16:00 - 16:30
Assessing the GPU Offload Threshold of GEMM and GEMV Kernels on Modern Heterogeneous HPC Systems

Finn Wilkinson, Alex Cockrean, Wei-Chen Lin, Simon McIntosh-Smith, Tom Deakin
University of Bristol, UK

With an ever-growing compute advantage over CPUs, GPUs are often used in workloads with ample BLAS computation to improve performance. However, several factors, including data-to-compute ratio, amount of data re-use, and data structure, can all impact performance. Hence, using a GPU is not a guarantee of better BLAS performance. In this work, we introduce the GPU BLAS Offload Benchmark (GPU-BLOB), a novel and portable benchmark that measures CPU and GPU compute performance of different BLAS kernels and problem configurations.

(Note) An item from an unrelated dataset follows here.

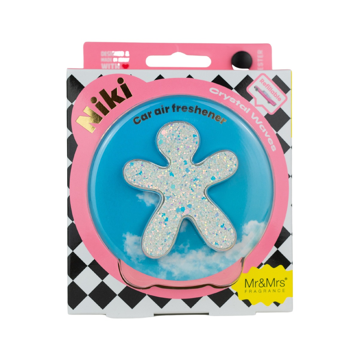 Disponible en plusieurs coloris et plusieurs senteurs, ce “petit bonhomme” Niki Crystal Waves trouvera facilement sa place dans l’habitacle grâce à sa pince universelle.

From the GPU offload threshold (a BLAS kernel’s minimum dimensions for a certain configuration where using a GPU is guaranteed to yield improved performance), we evaluate the per-node performance of three in-production HPC systems. We show that the offload threshold for GEMM is highly dependent on problem shape and number of consecutive BLAS calls, and that, contrary to conventional wisdom, GEMV can benefit from GPU acceleration, especially on SoC-based systems.